The above-mentioned material of collecting of discharging from the thin film evaporator bottom is proceeded molecular clock, the condensing unit of molecular still is mounted in its inside, material is radially added molecular still from top, the thermal treatment zone, be distributed to heating wall through distributing device, the control temperature is that 130-250 ℃, vacuum are that 0.02Mpa-0.05Mpa, scraper plate rotating speed are 20-30rad/min, material is spread to the uniform liquid film of thickness advance downwards, keep thickness between 0.5-2mm with helical form; The material back lighter molecules of being heated forms the steam condenser of meeting molecular still inside that moves upward and condenses into fluid separation applications, and heavy molecules moves downward along wall and flows down recovery.Wherein, make that vacuum pump-down is very little, can keep the device interior higher vacuum because the lighter molecules gas phase is condensed in molecular still inside.By molecular motion mean free path principle as can be known, the operating temperature of molecular still does not need boiling far below the boiling point of material; The short-path distillation heated time is short, only is tens seconds.

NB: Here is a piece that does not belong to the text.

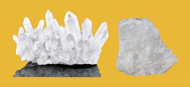 1) Wie würden Sie die Milchquarzkristalle mit eigenen Worten beschreiben? 2) Beobachten Sie die Milchquarzkristalle an den Ausgangskoordinaten. Wie würden Sie ihre Festigkeit oder Widerstandsfähigkeit bei Berührung beschreiben?

Promptly slough boiling point little molecule from low to high respectively by thin film evaporation and molecular clock, thereby reduce the fugitive constituent of rubber, material can be repeatedly by the processing of thin film evaporation and molecular clock, constantly regulate temperature, pressure removes different little molecules with the scraper plate rotating speed, finally can reach the rubber fugitive constituent that makes after the processing less than 0.1%.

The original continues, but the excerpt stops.